A lowering is also possible if a vaccine was discovered for COVID-19 and the entire Indian population is vaccinated in the next 30 days. But, this is a remote possibility.

If the Indian people have a magical immunity to COVID-19, then too we could see a lowering in the death rates. But, as of now, there is no evidence to support this theory.

Closing Thoughts …

The COVID-19 is a surprise to our world. We neither have proven medical treatment nor a vaccine. The only thing we know for sure is that it can spread exponentially and that it causes massive deaths.

There will be nation wide lockdowns, financial strains and stresses in basic necessities of life – food, clothing and shelter. This virus needs both the Government and People to cooperate. We will see either the best in humanity or the worst. It will be a reasonable test for the survivability of the human species.

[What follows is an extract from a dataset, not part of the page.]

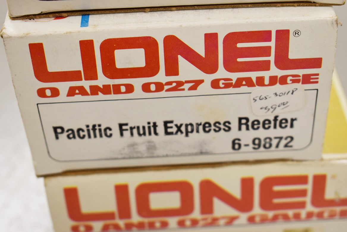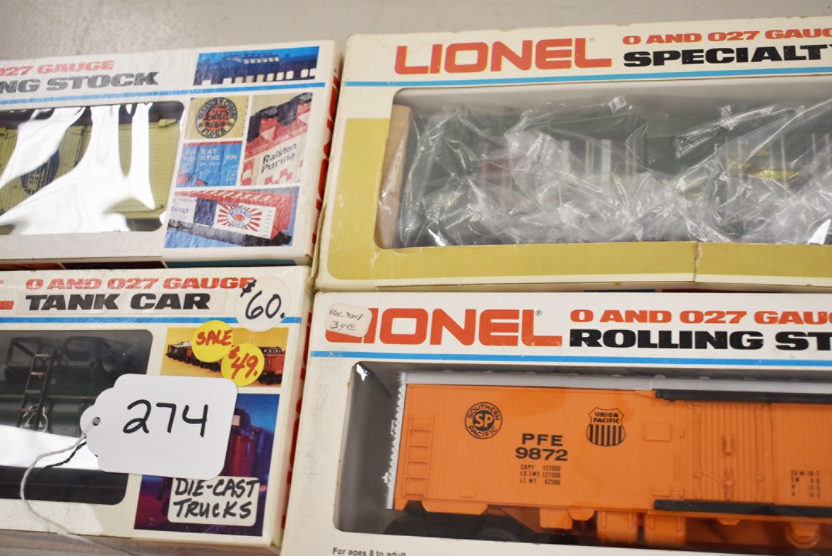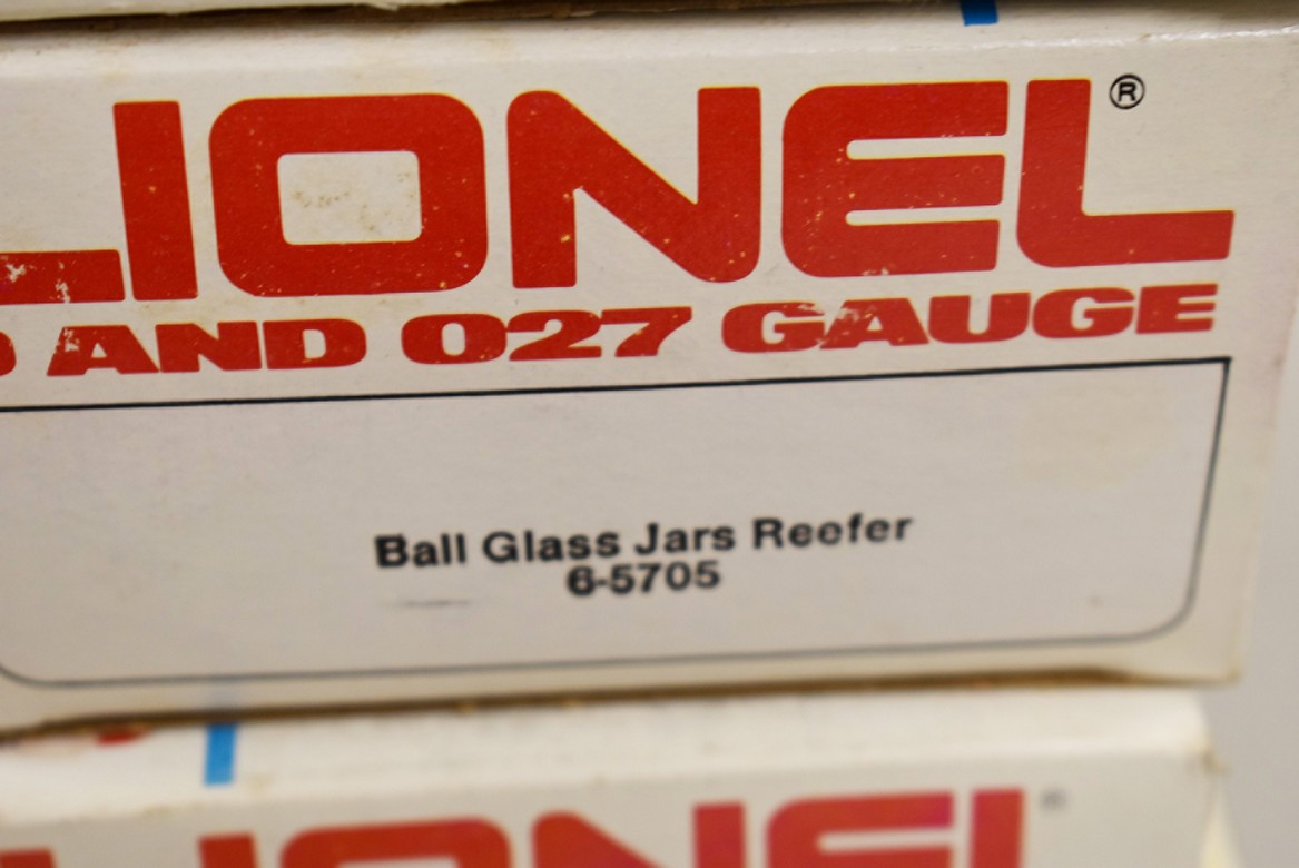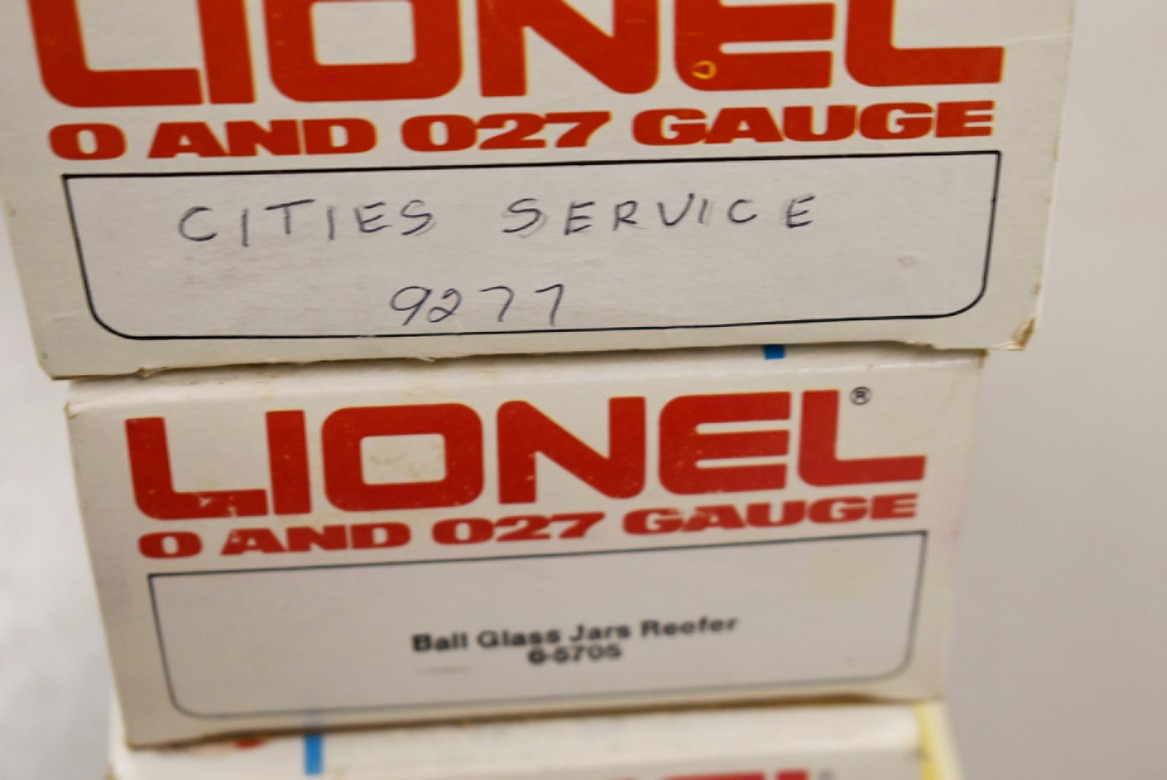 274. Lot of 4 Lionel Train Cars – Including Cities Service 9277, Ball Glass Jars Reefer 6-5705, Pacific Fruit Express Reefer 6-9872, and Aquarium Car 6-9308 – All w/Boxes

But, the species will definitely make it through, though the losses will be heavy.

It is what it is. The COVID-19 virus is not a living thing. It is just a bunch of molecules, with a protective protein shell and RNA (ribonucleic acid) inside the core (of course there are receptors and other goodies). Without the human cell, it cannot do anything – it cannot duplicate. Once inside, it enters a cell and hijacks the cell machinery, asking the cell to make copies of itself, rather than do the job of the cell. If humans can make semiconductor chips and spacecrafts to fly out into different worlds, they will find a way to stop COVID-19. I’m going to bank on the dedicated scientists to get it done and that too quickly.